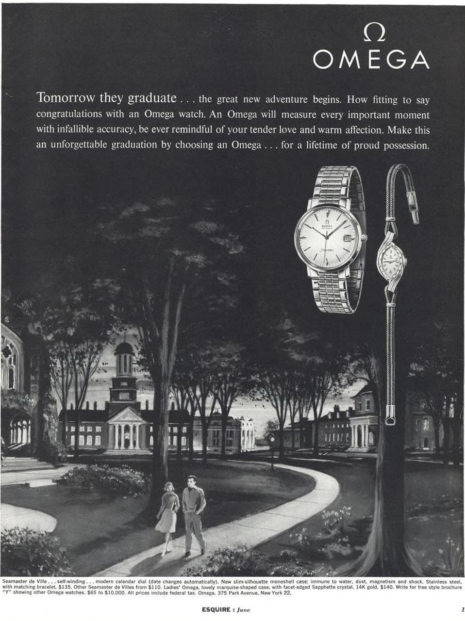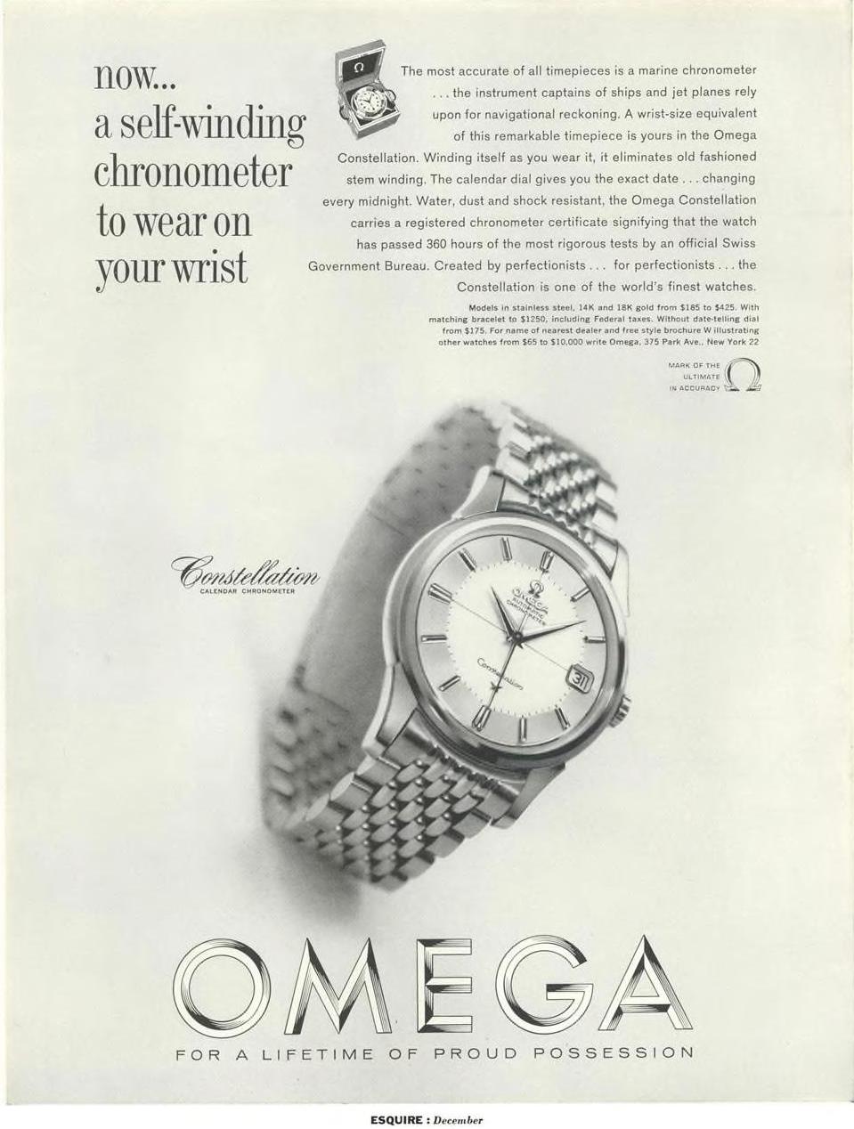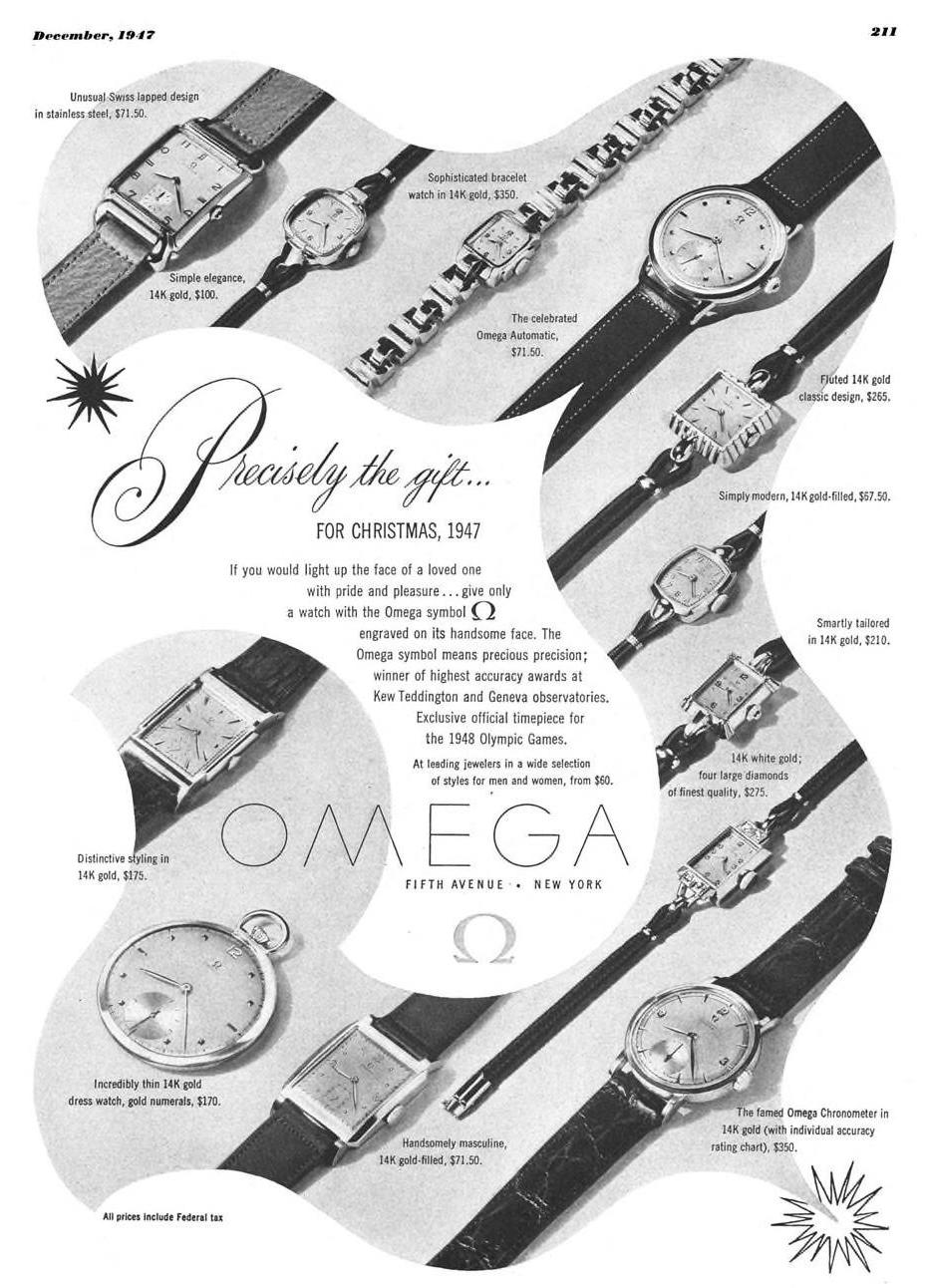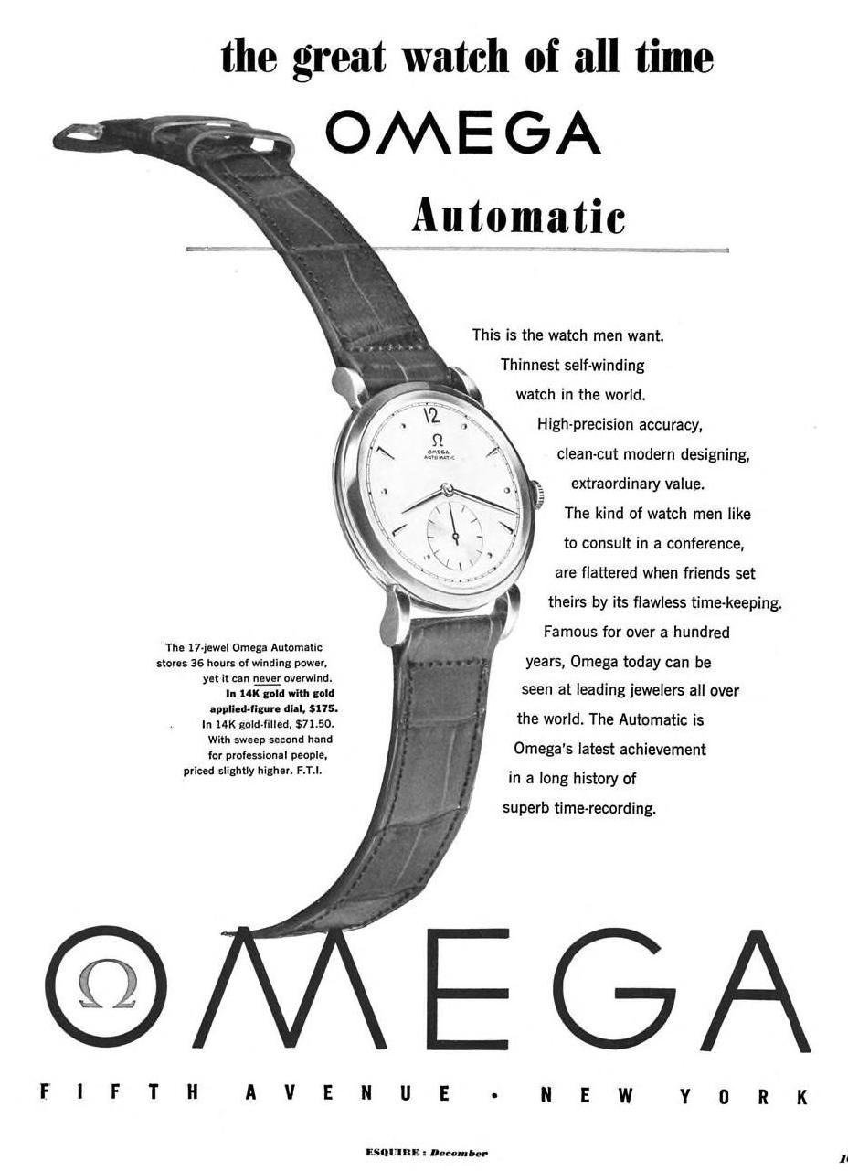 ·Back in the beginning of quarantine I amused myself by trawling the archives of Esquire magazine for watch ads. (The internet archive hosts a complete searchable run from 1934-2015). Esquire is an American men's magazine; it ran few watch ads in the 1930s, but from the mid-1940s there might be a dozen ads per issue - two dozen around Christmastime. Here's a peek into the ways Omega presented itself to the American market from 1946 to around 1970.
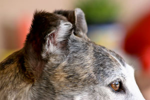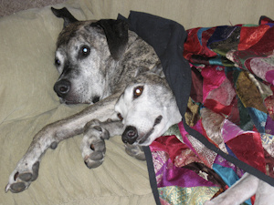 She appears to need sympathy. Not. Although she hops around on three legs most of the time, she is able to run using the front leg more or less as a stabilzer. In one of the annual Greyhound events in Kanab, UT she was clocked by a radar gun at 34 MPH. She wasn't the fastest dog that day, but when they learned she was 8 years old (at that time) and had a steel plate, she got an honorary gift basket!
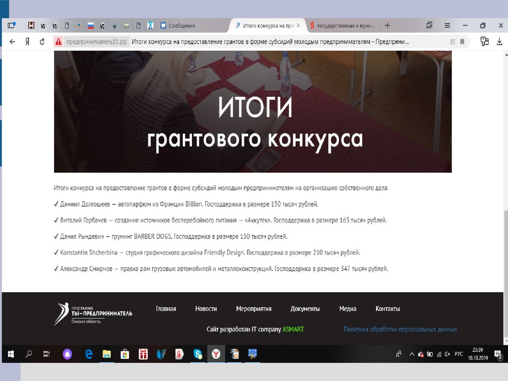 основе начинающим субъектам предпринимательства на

- TASK INSTRUCTIONS
Give back the listing exactly, with the pictures removed.

- ANSWER FOR THIS EXERCISE
 ·Back in the beginning of quarantine I amused myself by trawling the archives of Esquire magazine for watch ads. (The internet archive hosts a complete searchable run from 1934-2015). Esquire is an American men's magazine; it ran few watch ads in the 1930s, but from the mid-1940s there might be a dozen ads per issue - two dozen around Christmastime. Here's a peek into the ways Omega presented itself to the American market from 1946 to around 1970.
 She appears to need sympathy. Not. Although she hops around on three legs most of the time, she is able to run using the front leg more or less as a stabilzer. In one of the annual Greyhound events in Kanab, UT she was clocked by a radar gun at 34 MPH. She wasn't the fastest dog that day, but when they learned she was 8 years old (at that time) and had a steel plate, she got an honorary gift basket!
 основе начинающим субъектам предпринимательства на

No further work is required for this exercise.